Auteur : Florian Cornu

« Je croirais vraiment à la liberté de la presse quand un journaliste pourra écrire ce qu'il pense vraiment de son journal. Dans son journal! » [Guy Bedos] Voilà ma première motivation, une presse libre et indépendante! Peut-être cliché mais assurément sincère! Né à Lille le 1er Février 1988 (non je n'aime pas particulièrement Bienvenue chez les chti!) j'ai obtenu un bac Littéraire spécialité Musique avant de partir pour Montpellier. Passionné par la Littérature et le Chinois j'ai obtenu une double licence dans les deux domaines. L'étude de ces disciplines a fait naître en moi un intérêt profond pour la Géopolitique mais aussi pour toute les réalités quotidiennes du terrain, du bas dl'échelle, de la mouise!
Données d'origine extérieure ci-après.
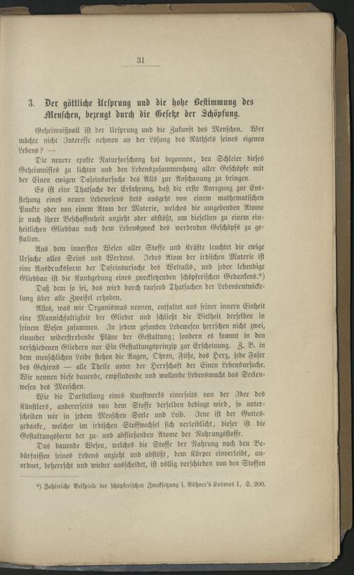 3. Der göttliche Ursprung und die hohe Bestimmung des Menschen, bezeugt durch die Gesetze der Schöpfung.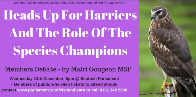 Today in the Scottish Parliament there’ll be a Members’ Debate on the controversial Heads Up for Hen Harriers Project.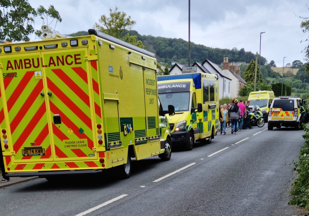 Mein Vormittag: Aufstehen um Viertel nach 6, um 7 schnell Frühstück, mit dem Taxi zum Bahnhof, Schnellzug nach Gloucester, Stadtbus nach Brookworth und dann kommt dieses Schild und die dazugehörigen Einsatzwägen:
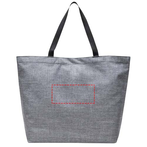 Schlichtes Design, recycelte Materialien – dieser Alltagsheld ist eine Tragetasche, die alles mitmacht. Die Tasche besteht aus EcoSystem™ 600D-Gewebe und Innenfutter, beides aus 100 % recycelten Wasserflaschen. Die Tragetasche hat einen Schnappverschluss aus Metall und glatte Tragegriffe aus Gurtband für optimalen Tragekomfort.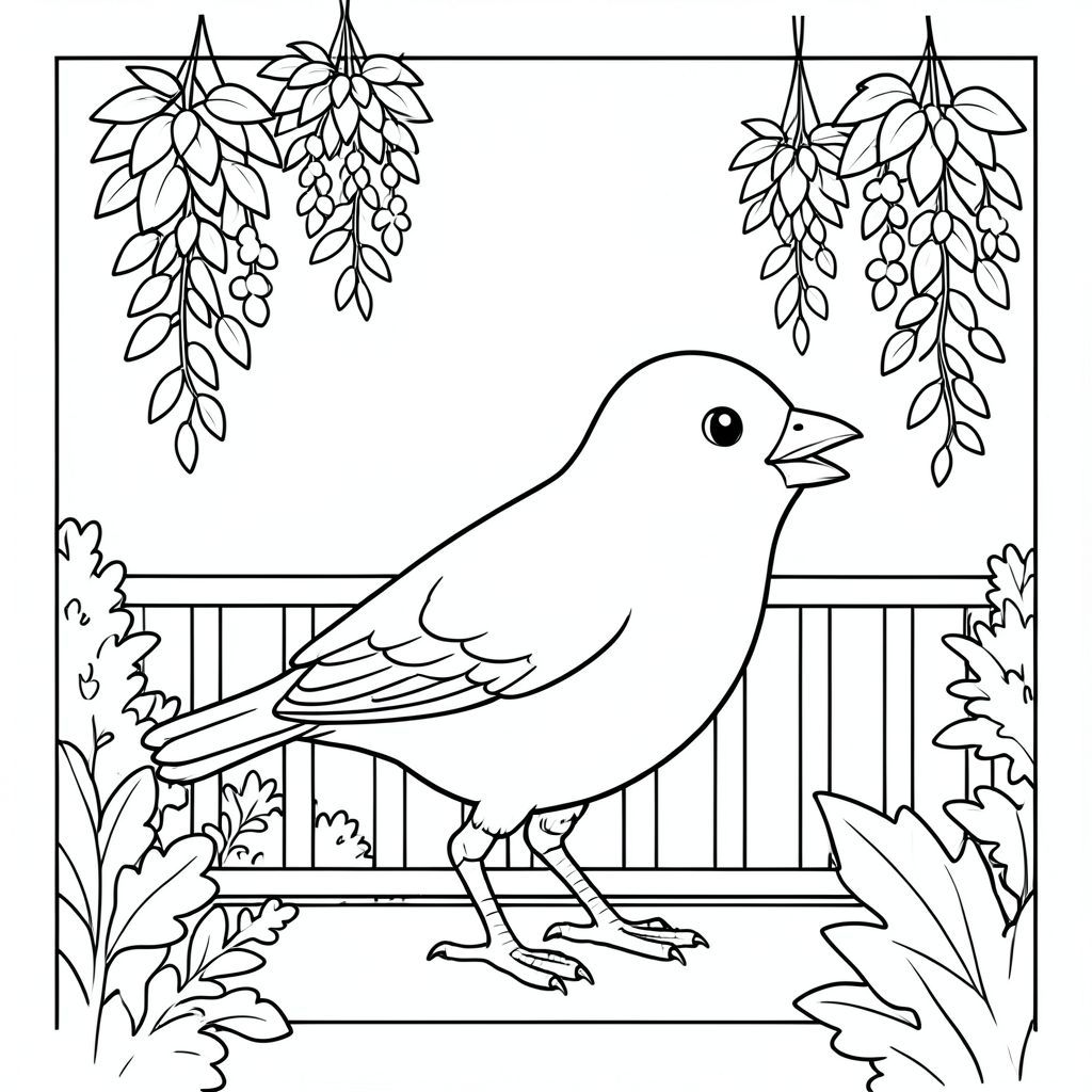 solo, một con chim, một đầu, hai mắt, một mỏ, hai cánh, hai chân, một đuôi, tỷ lệ tự nhiên, quy mô thích hợp trong môi trường, đúng giải phẫu, chim, Ban công, cây xanh, cây treo, vườn, mềm, nền đơn giản, sạch sẽ, tinh khiết, nội thất trắng, trang màu, nghệ thuật đường, nền trắng, solo, chủ đề đơn, đúng về mặt giải phẫu, giải phẫu hoàn hảo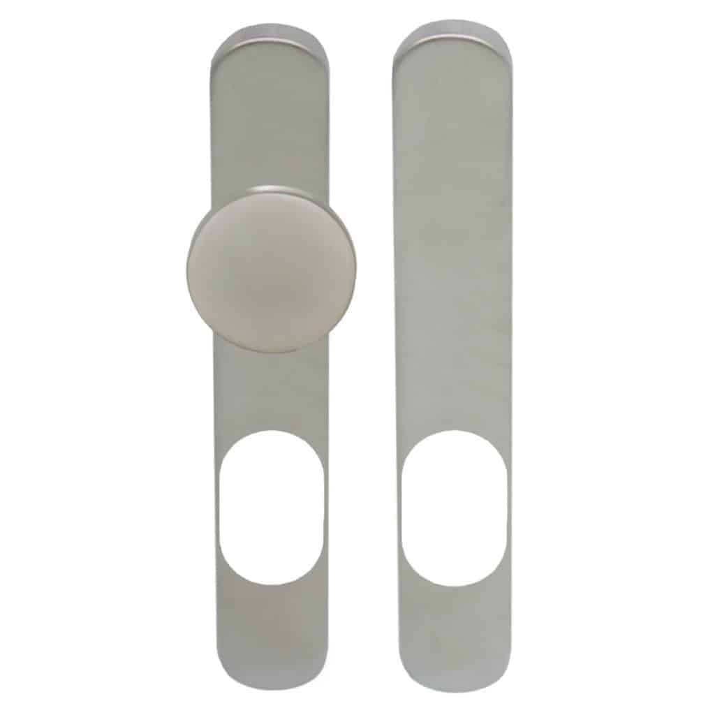 Plaque inox avec ou sans poignée bouton, trou oblong pour protecteur de cylindre A2P-2 étoiles, compatible avec tous nos ensembles inox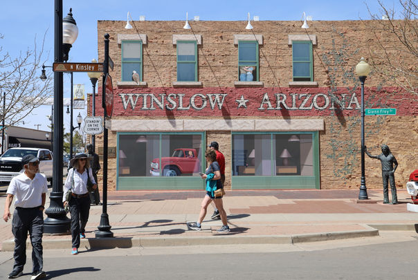 Winslow, Arizona, is a small town along the historic Route 66, famously mentioned in the Eagles’ song "Take It Easy". This shout-out draws visitors to the “Standin’ on the Corner” park in an almost constant flow. Once a bustling railroad town, Winslow is now a quiet destination with scenic views and nearby natural attractions like the Meteor Crater.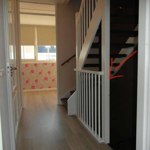 Als ik thuis ben zal ik wel even een foto maken hoe het traphekje bij ons zit..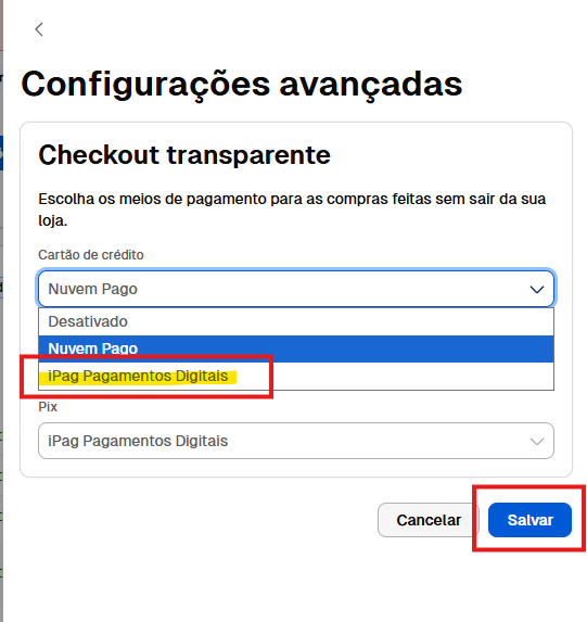 - Acesse a seção "Configurações avançadas" no painel do iPag.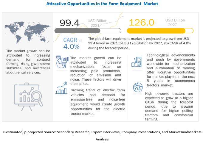 NORTHBROOK, IL, INDIA, June 20, 2022 /EINPresswire.com/ — The global Farm Equipment Market is projected to grow from USD 99.4 Billion in 2021 to USD 126.0 Billion by 2027, at a CAGR of 4.0% during the forecast period. Government support with farm loan waivers/credit finance, OEM/sales incentives to support dealer service and rental operations, increase in farm mechanization, and contract farming are the major factors driving the growth of the Farm Equipment Market.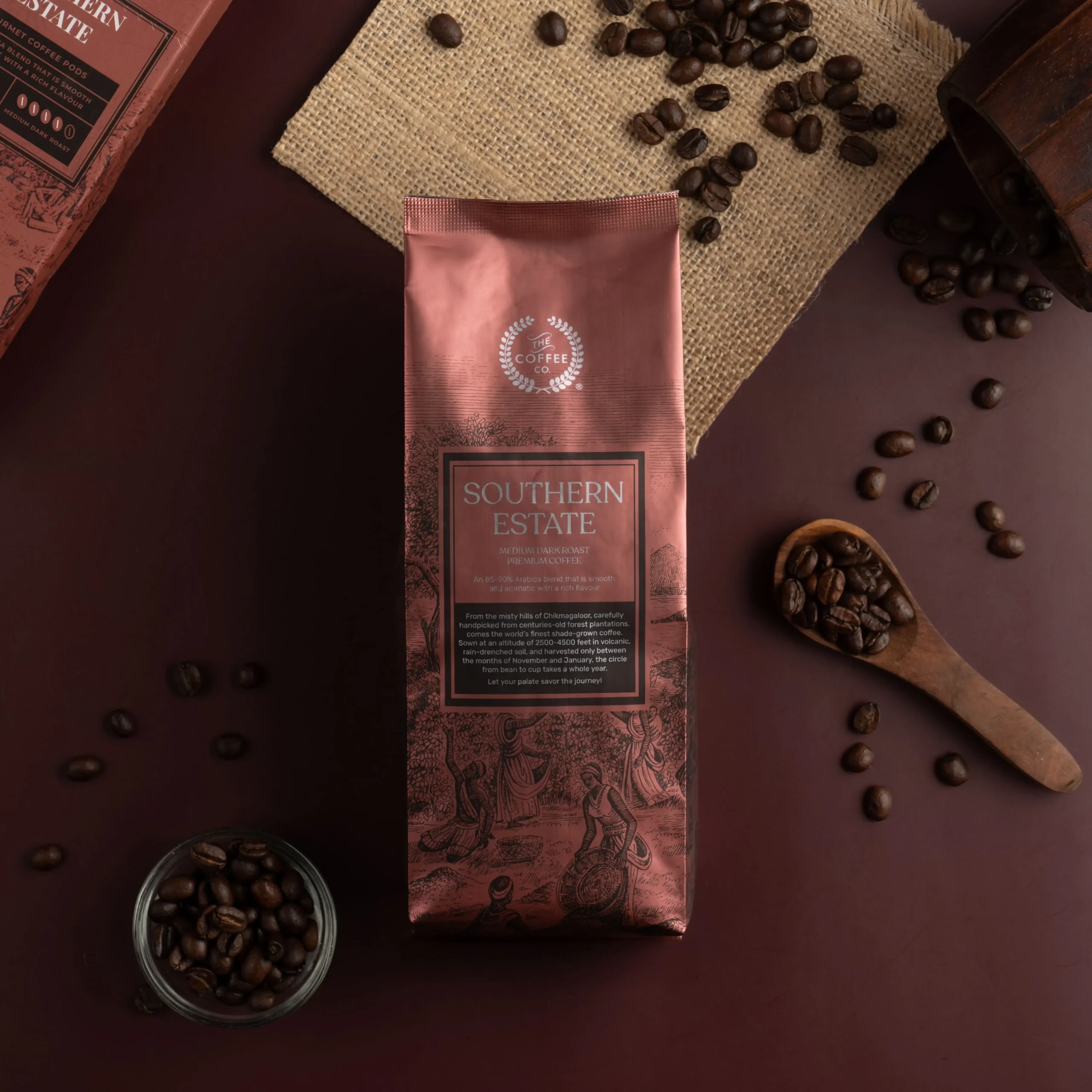 We offer a curated selection of specialty-grade Arabica blends, including medium dark and medium roasts. Our beans are sustainably sourced from Chikmagalur and other high-elevation estates across South India.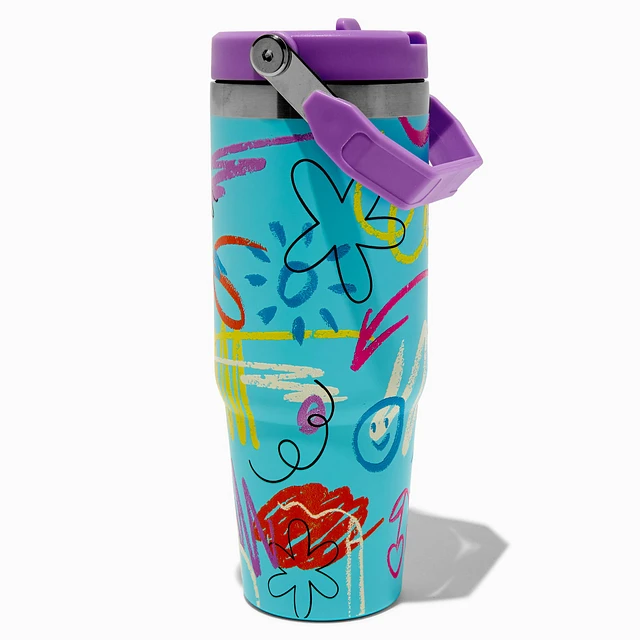 Aqua Doodle Flip Straw Top Handle Stainless Steel Water Bottle

Le journalisme pour moi est tout sauf un objet déconnecté de la réalité de ceux qu'il doit servir: les lecteurs! Les voyages que j'ai effectué n'ont fait que renforcer cette envie de décrire ce qui se passe ici et ailleurs, sur le terrain ou dans la tête. C'est pour mieux comprendre le monde qui nous entoure que j'ai poursuivi mes études en Science-politique. Les sujets qui m'intéressent sont nombreux: politique, Chine et Asie-orientale, mouvements sociaux et expériences démocratiques mais aussi Musique et son.